Beliefnet
This article originally appeared on Beliefnet in 2002.

The suddenly ubiquitous Christmas music should have reminded us that Hanukkah was quickly approaching, but it's so early this year that it still kind of snuck up on us. With just three weeks to go, we had done nothing to prepare, so we sat down to think about what we could do this year to make Hanukkah special for our three-year-old son, Caleb. Jewish parents across America know that, despite our best efforts, Hanukkah must compete with Christmas for the affections of our children, and parents of all stripes know that early holiday experiences set the stage for how children will feel about future celebrations.

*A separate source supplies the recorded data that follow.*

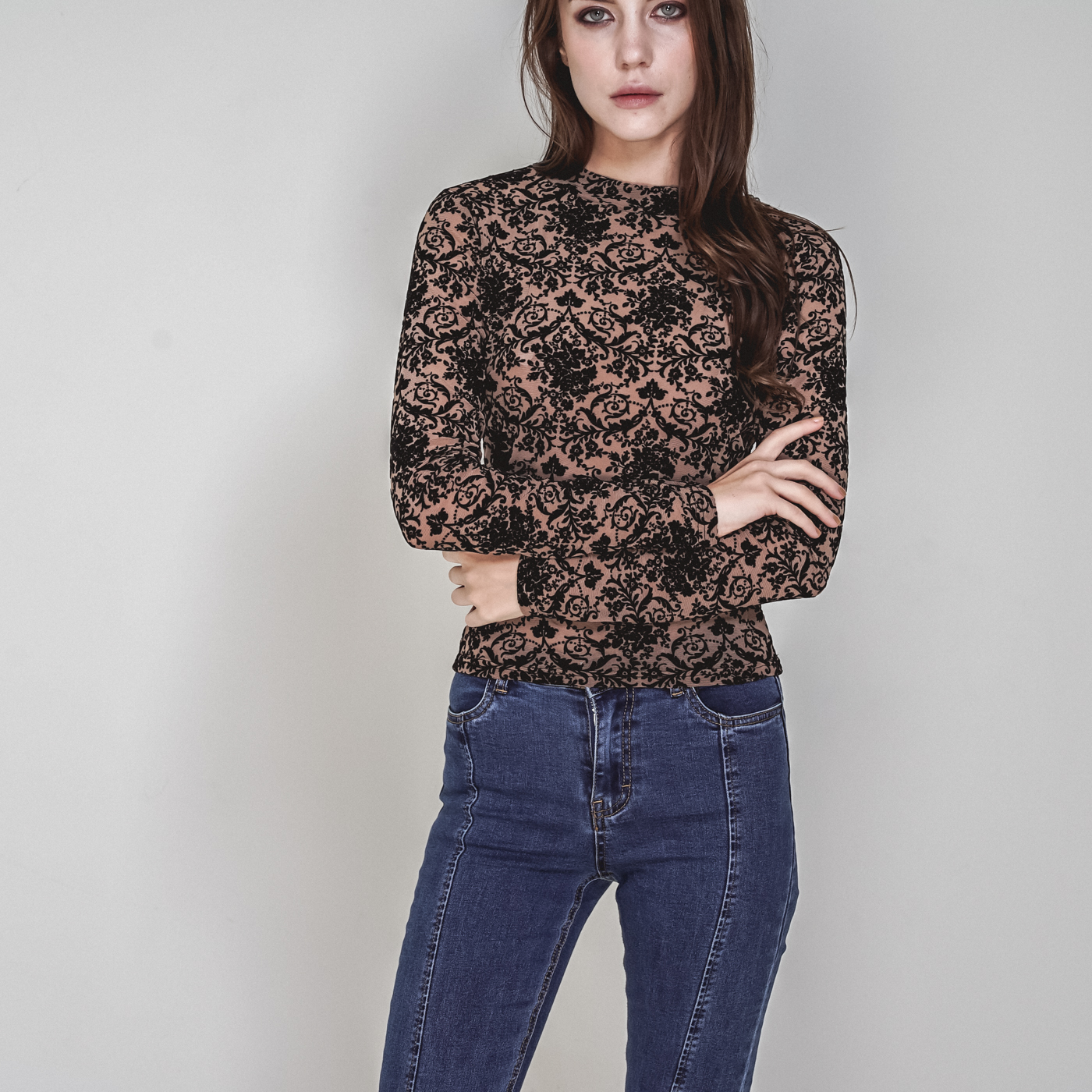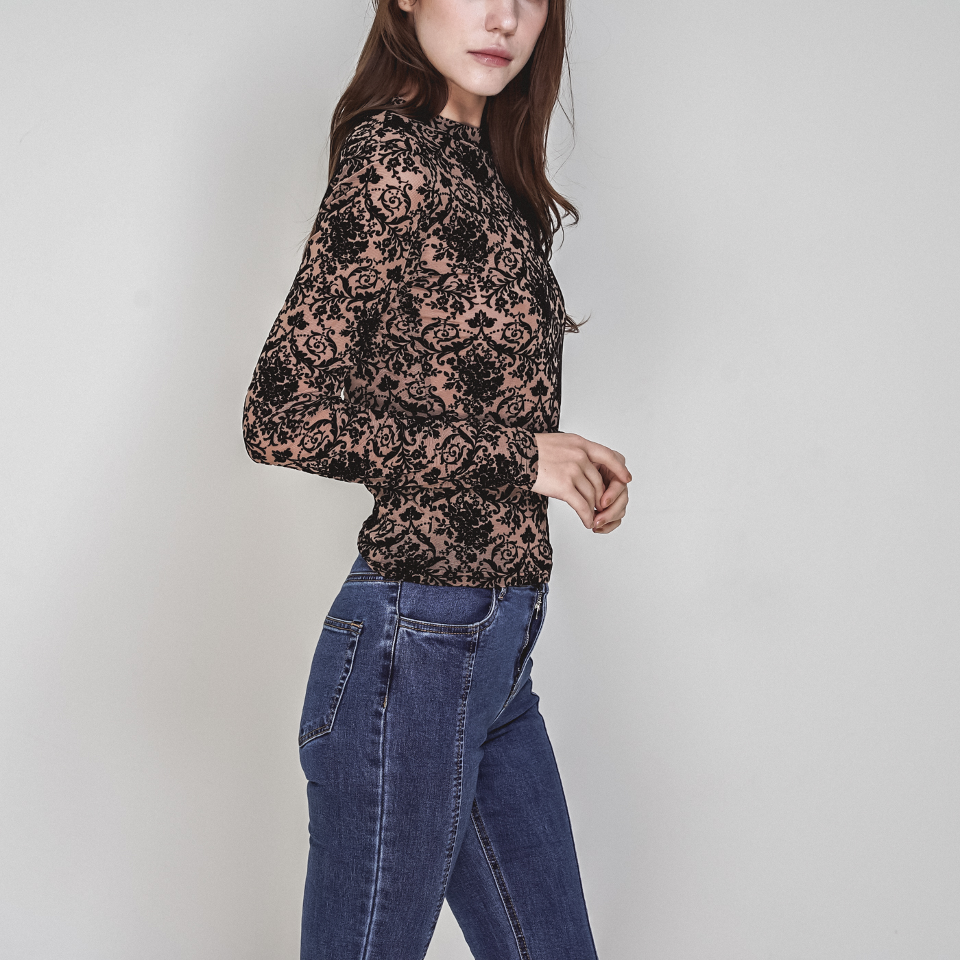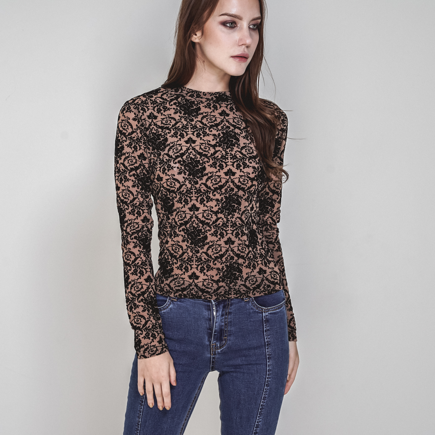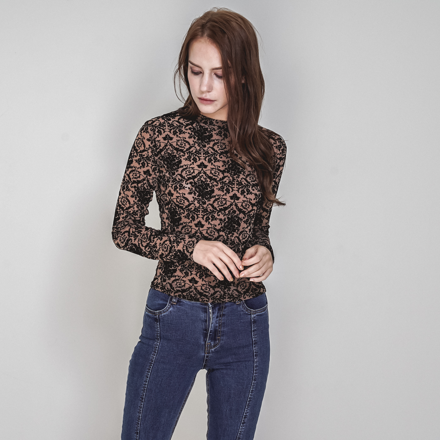 하이넥 레이스 디자인으로 섹시하면서 시크한 스타일입니다.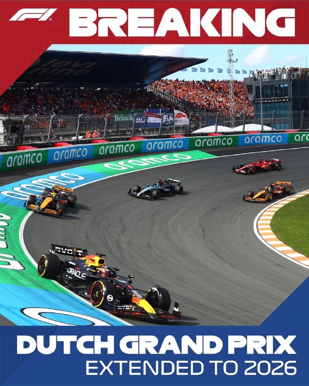 据官方消息,F1将与荷兰大奖赛续约至2026年,但此后将不再续约。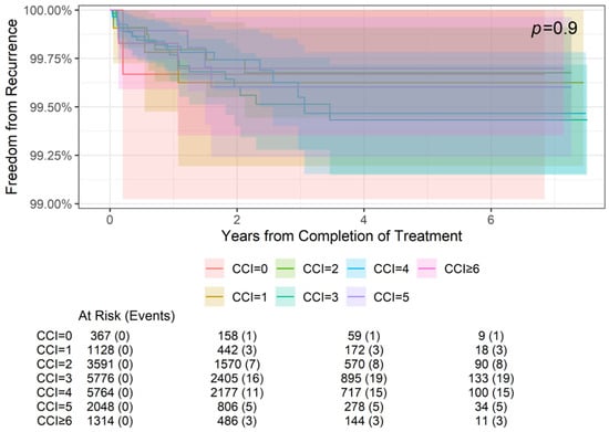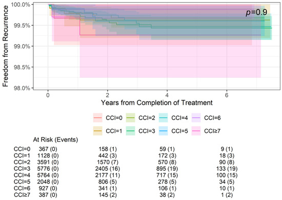 Freedom from recurrence rates by comorbidities (CCI score) at 2-, 4-, and 6-year follow-ups are summarized in Table 4, and the association between comorbidities and freedom from recurrence is illustrated in Figure 2 and Figure 3. Specifically, Figure 2 demonstrates the freedom from recurrence data for all CCI scores in this cohort (0–7+). However, due to the grouping of scores 0–6 far from CCI = 7, Figure 3 magnifies the data of CCI scores 0–6+ to better visualize these results. Freedom from recurrence ranged from 99.67% at 2, 4, and 6 years for a CCI of 0 to 99.27% at 2, 4, and 6 years for a CCI of ≥7. These differences were not statistically significant (p = 0.9).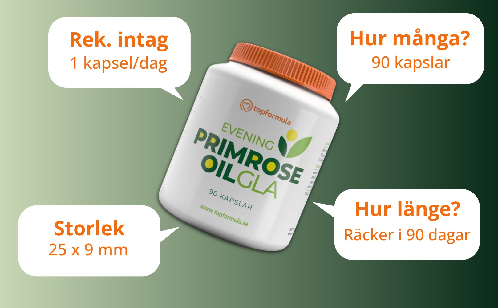 - 1000 mg jättenattljusolja per kapsel – varav 90 mg GLA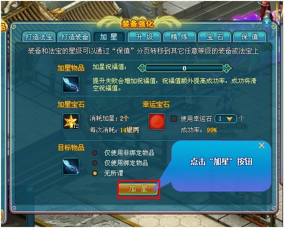 ½øÈëµ½·¨±¦¼ÓÐǵĽçÃæ£¬µã»÷“¼ÓÐÇ”°´Å¥£¬¾Í¿ÉÒÔ½øÐиø·¨±¦¼ÓÐÇÁË¡£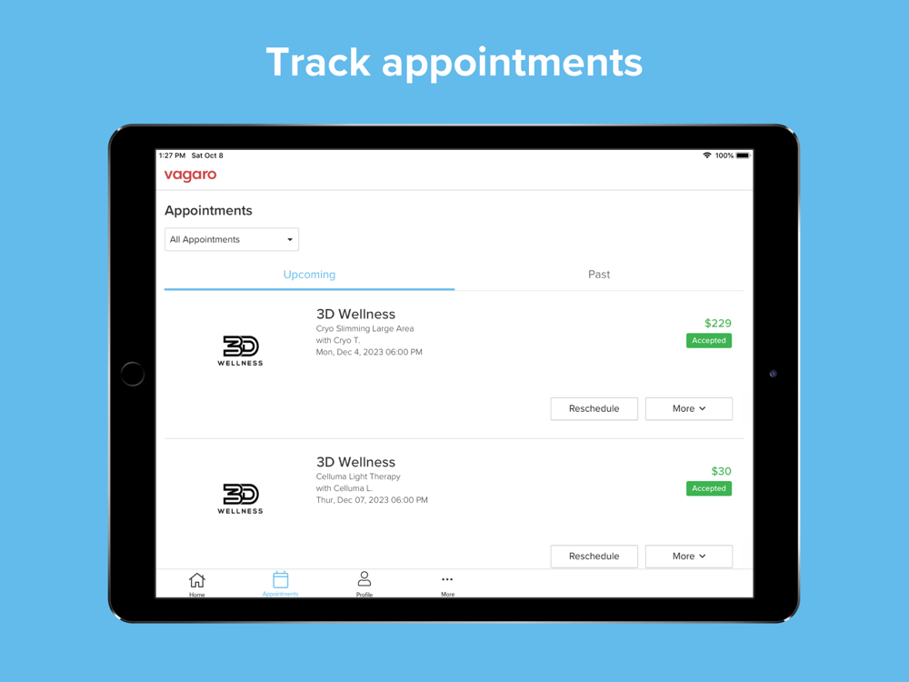 • Book cryotherapy, lymphatic compression, and light therapy with your favorite service provider
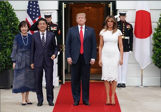 4月26日,日本首相安倍和夫人访美,在与特朗普夫妇合影时,记者让安倍和特朗普靠近点。正当安倍打算向特朗普靠近时,特朗普突然扭头对安倍说:stop!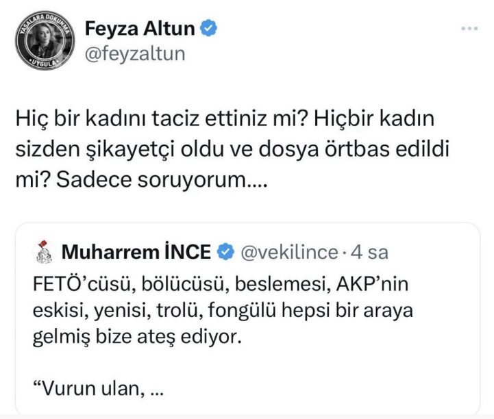İnce'nin "FETÖ’cüsü, bölücüsü, beslemesi, AKP’nin eskisi, yenisi, trolü, fongülü hepsi bir araya gelmiş bize ateş ediyor" paylaşımını alıntılayan Feyza Altun, "Hiç bir kadını taciz ettiniz mi? Hiçbir kadın sizden şikayetçi oldu ve dosya örtbas edildi mi? Sadece soruyorum…" ifadelerini kullandı.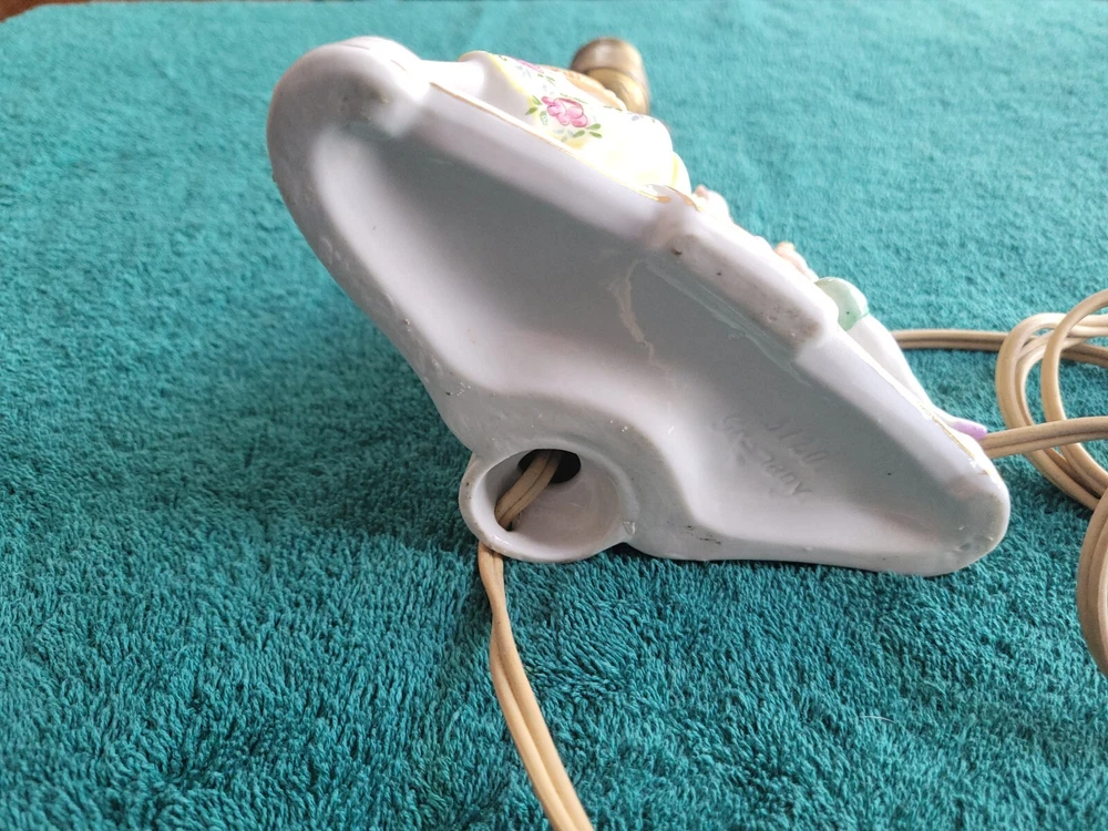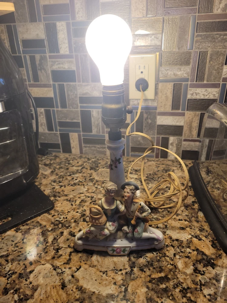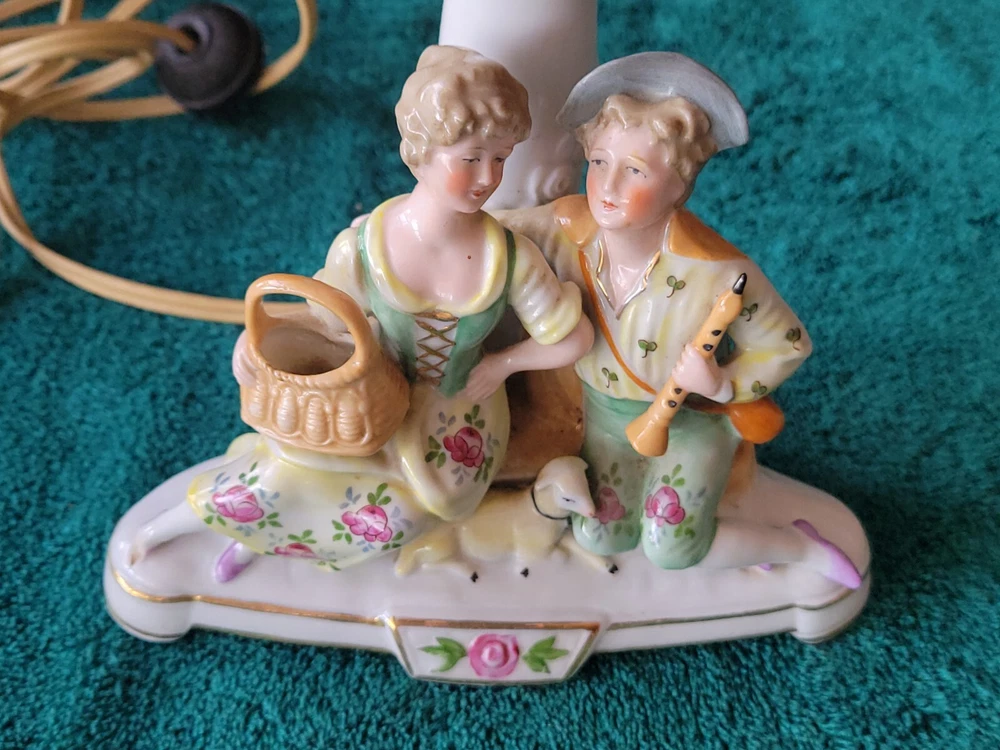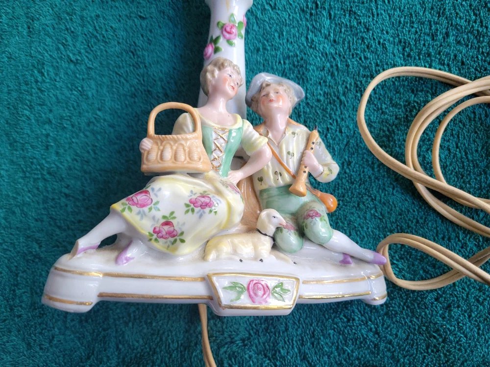 Antique/vintage victorian porcelain boudoir lamp with shade. In original condition, featuring a young couple with a lamb. The lamp is handpainted with a Germany 3120 backstamp. There is also an H at the rear of the lamp. The light has been tested and works. Does not include the light bulb. The lamp without the shade measures 11"H. The lamp base is 6" x 3.5". There is yellowing on the porcelain at the top and where the socket meets the lamp and a small crack. The end of the young girl's foot is missin. See photos. The clamp-on shade is drum style with frills. Measures 7.75"H x 5.75 across. Both the lamp and shade could use cleaning. This is an antique/vintage item and sold as is. Refer to the photos and enlarge for condition. Requests for additional information or photos may be emailed.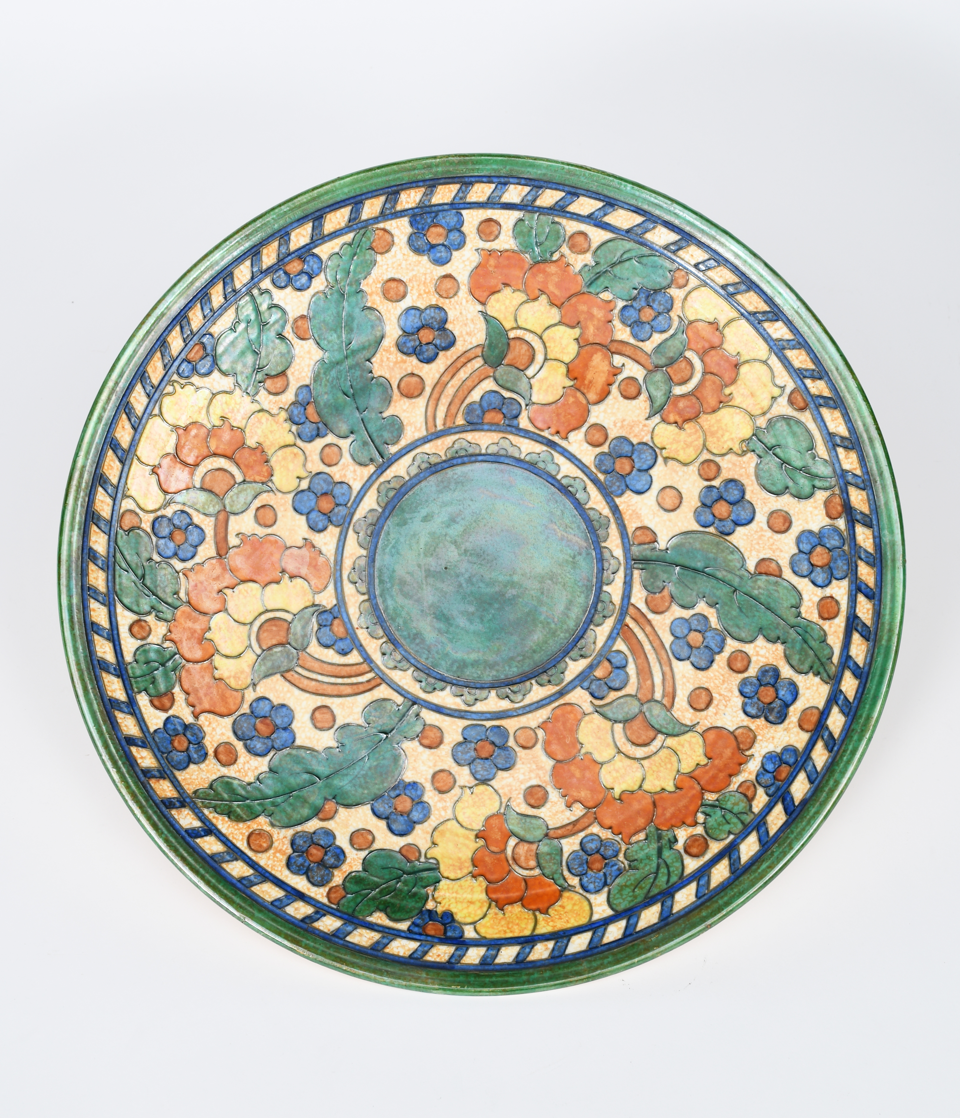 A large unusual Crown Ducal Byzantine variant charger designed by Charlotte Rhead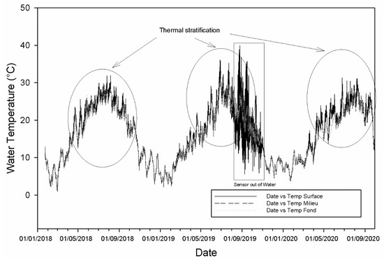 3.1.2. Thermal Analysis of the Water Masses of the Thomas Pond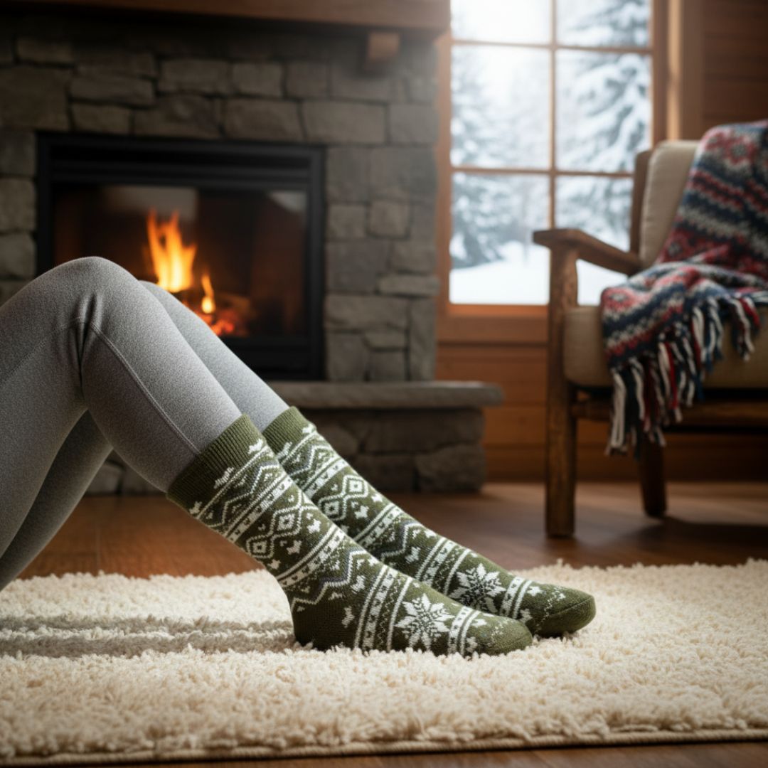 Settle in for the winter with our Cozy Hearth Unisex Thermal Socks. If you are searching for premium, festive unisex thermal socks, this olive green pair provides the perfect blend of warmth and traditional style. Crafted with a heavy-gauge knit, these thermal socks offer reliable insulation and luxurious softness, making cold winter days instantly cozier.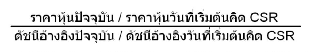 ตัวอย่างตารางด้านล่างแสดงให้เห็นวิธีการคำนวณ CSR ของ INTUCH และ PTT ซึ่งแสดงค่าของ CSR ไว้ที่ สองช่องสุดท้าย โดยมีวันที่เริ่มต้นคิด CSR คือ วันที่ 25 ธันวาคม 2014 ยกตัวอย่างเช่น CSR ของ INTUCH วันที่ 30 ธ้ันวาคม 2014 เกิดจาก (78.75 / 78.25) / (1,479.67 / 1,504.89 ) = 1.01124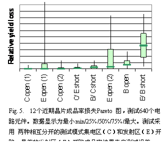 工艺的设计考虑到性能、可靠性和可生产性之间的平衡。从成品率损失Pareto 图 Fig. 5 中可以看出发射区/基区短路是影响成品率的主要原因,基区电极柱损失是影响远小于发射区/基区短路的第二个原因。影响成品率的其它失效模式的影响相对较小,都在测试不确定范围内。由500个晶体管组成的典型电路所达到的成品率已能够满足小规模仪器的应用应用。

Our first chance to mold Caleb's understanding of Hanukkah came last year, under less than ideal conditions. David, an Air Force officer, began a three-month overseas deployment to the Balkans about a week before Hanukkah began. It wasn't the first time in our married life that the Air Force had taken David away from home, but it was the first time since Caleb was born. It also happened to be the first year that Caleb was old enough to really be aware of Hanukkah. So while the other families at the Jewish preschool Caleb attends would be celebrating together, and while families across America were uniting for the holidays, we faced Caleb's first "real" Hanukkah separated by an ocean.

We didn't want Caleb's first impression of the nightly Hanukkah traditions--lighting the menorah, spinning the driedel, giving gifts, singing songs, eating gelt--to be dominated by David's absence and by Shayna's resulting melancholy. So Shayna tried to make our home as festive as possible, decorating and stringing Hanukkah lights. But she wondered what else she could do to make David a part of Hanukkah for herself and Caleb, and to make herself and Caleb a part of Hanukkah for David.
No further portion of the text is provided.